- Written by: D. H. Lawrence Anne Devlin
- Directed by: Stuart Burge
- Starring: Imogen Stubbs Martin Wenner Kate Buffery
- Music by: Simon Rogers
- Country of origin: United Kingdom
- Original language: English
- No. of series: 1
- No. of episodes: 3

Production
- Producer: Chris Parr
- Cinematography: John Kenway
- Editor: John Rosser
- Running time: 180 minutes

Original release
- Network: BBC
- Release: 4 December – 18 December 1988

= The Rainbow (BBC serial) =

1988 BBC miniseries

The Rainbow is a BBC television three-episode serial of 1988 directed by Stuart Burge, adapted from the D. H. Lawrence novel The Rainbow (1915).

==Outline==
Ursula Brangwen is the eldest child of Will Brangwen, a farmer, and his wife Anna. She has a fascination with rainbows and one day she runs away from home looking for the pot of gold at the end of one.

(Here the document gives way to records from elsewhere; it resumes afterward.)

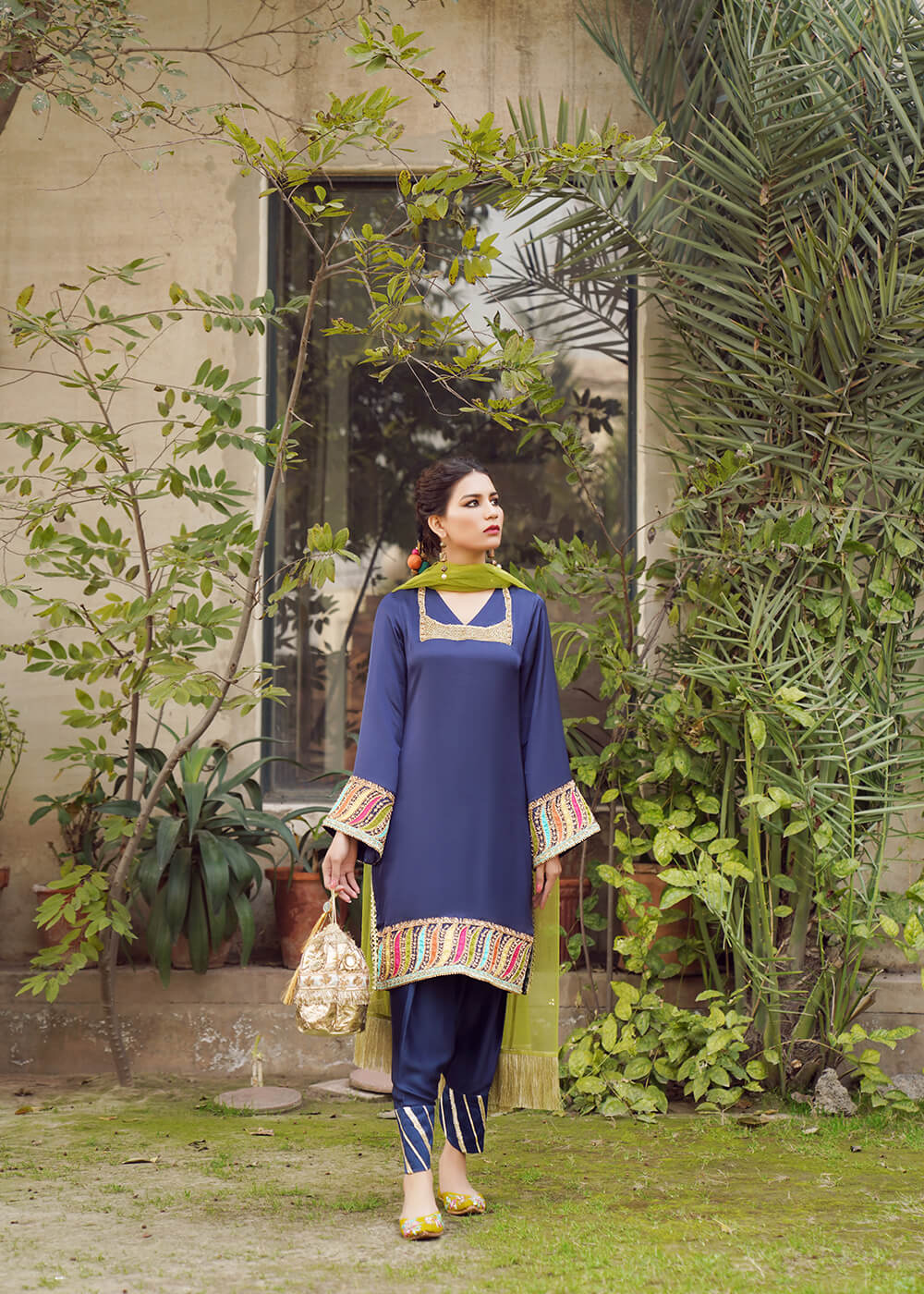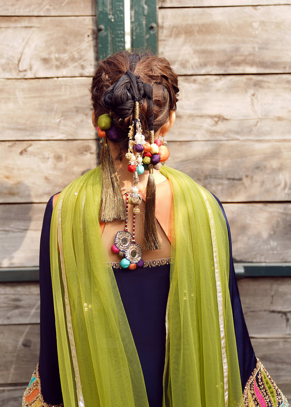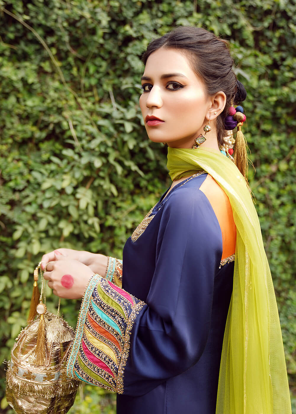A deep blue base adorned with a classic chatta patti concept put together in innovative shapes and sizes, ornamented with marori embroidery on the ghera and sleeves. Paired with a gorgeous contrasting dupatta and beautiful gotta Patti embellished shalwar.
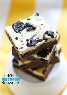These Oreo Cheesecake Brownies are a chocolate lover's dream! Fudgy homemade brownies are topped with creamy cheesecake and full of cookie pieces.
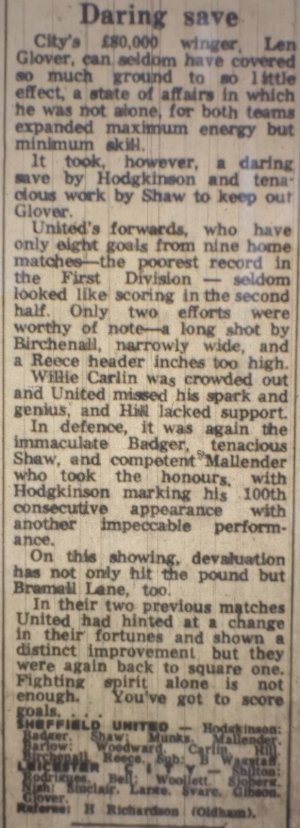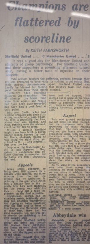 There is a chapter in Alan Hodgkinson's autobiography devoted to how George Best scored a wonderful goal against him in this match. The problem is that George Best didnt score in this match! Strange!
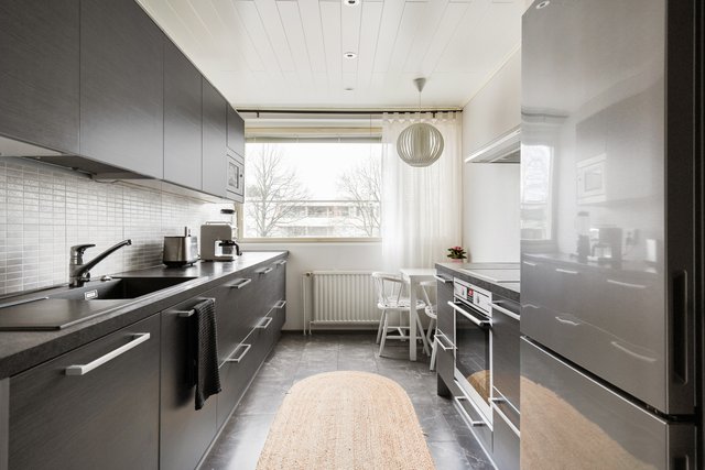 - Jääkaappipakastin, liesi, erillisuuni, mikroaaltouuni, astianpesukone, ja liesituuletin
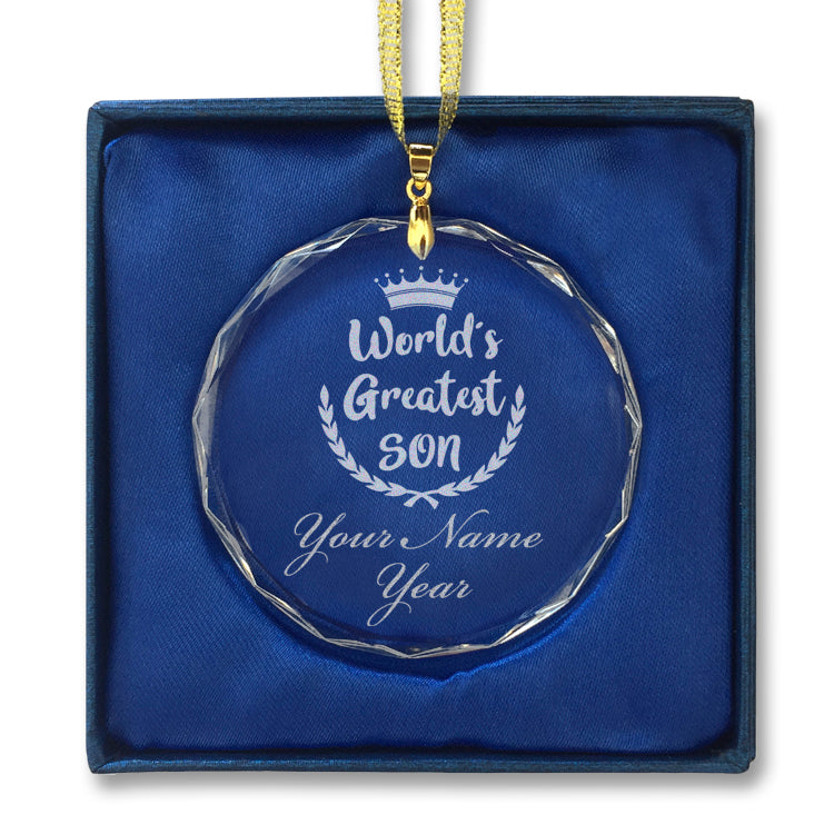 LaserGram Christmas Ornament, World's Greatest Son, Personalized Engraving Included (Round Shape)
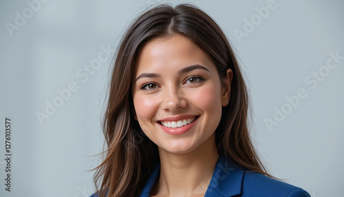 Portrait of a professional and confident businesswoman in a blue suit, smiling and isolated on a clean background
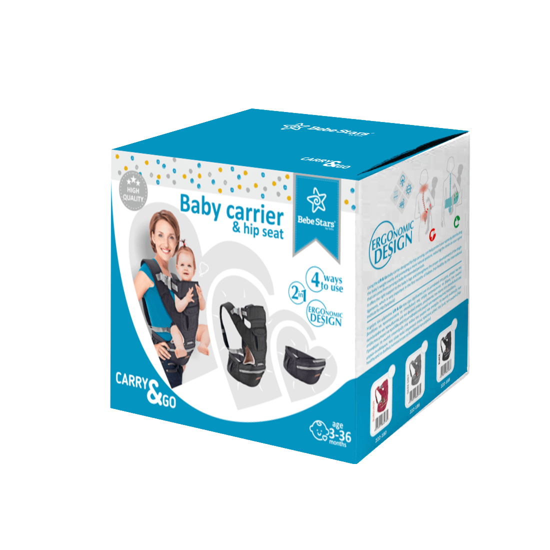 Σας παρουσιάζουμε τον ευέλικτο και πρακτικό μάρσιπο Carry & Go της Bebe Stars, ιδανικό για γονείς εν κινήσει! Αυτός ο μάρσιπος προσφέρει τέσσερις διαφορετικούς τρόπους χρήσης, επιτρέποντάς σας να βρείτε την τέλεια θέση τόσο για εσάς όσο και για το μωρό σας. Είτε προτιμάτε να κοιτάζει προς τα εμπρός, προς τα πίσω, να το φέρετε στους γοφούς καθισμένο ή πίσω στη πλάτη σας, αυτός ο μάρσιπος σας καλύπτει.
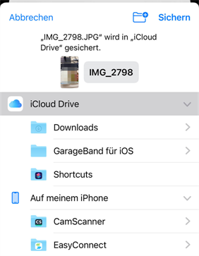 Wenn Sie zum Beispiel Fotos übertragen möchten, wählen Sie die gewünschten Fotos aus und tippen Sie auf die Schaltfläche Freigeben > wählen Sie dann In Dateien speichern > wählen Sie schließlich iCloud Drive als Ziel. Danach können Sie die Dateien-App auf einem anderen Gerät aufrufen, um die Fotos anzuzeigen.
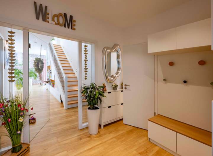 Der Wohnkomfort wird durch ein Smart-Home-System, eine automatische Belüftungsanlage, ein automatisches Bewässerungssystem sowie eine Wasserentkalkungsanlage weiter optimiert. Für eine schnelle und zuverlässige Internetverbindung sorgt der Glasfaseranschluss.
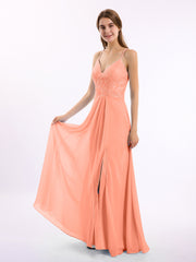 Lace Bodice Chiffon Skirt Dresses with Slit Sunset
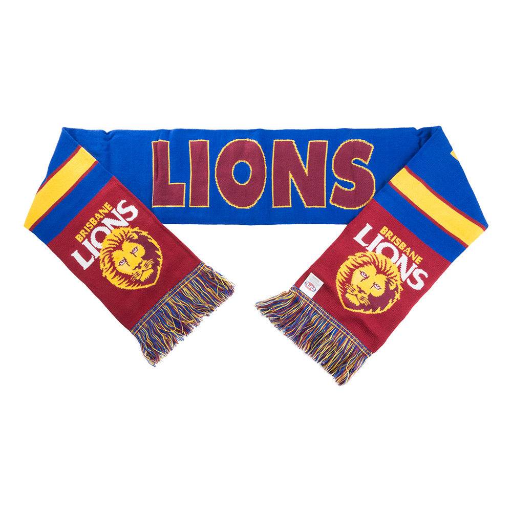 - Brisbane Lions Retro Scarf- Fully Knitted Jacquard Scarf Featuring Current Club Logo and Iconic Retro Logo on The Reverse Side- Tassels in team colours- 100% Acrylic- Dimension: 165CM X 19CM- Official AFL Merchandise
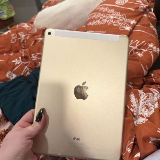 ApplePayGold Apple iPad has white front bezel and cellular antenna band. Device is finished in gold aluminum with 9.7 inch display and home button. It has 64 gbs!

As a teenager, Ursula has a crush on Winifred Inger, her gym mistress at the girls' high school, and she also has romantic feelings for Anton Skrebensky, who is at the boys' high school. They spend a lot of time together, including hill walking. Ursula agrees to become a nude model for a local artist, but she walks out after he makes a pass at her. She is jealous when Winifred gets engaged to her Uncle Henry. Ursula and Anton leave school. He joins the army and goes to fight in the Second Boer War, while she moves to London and gets a job as a schoolteacher at an elementary school in the East End of London, where she has to fend off unwanted advances from the headmaster of the school.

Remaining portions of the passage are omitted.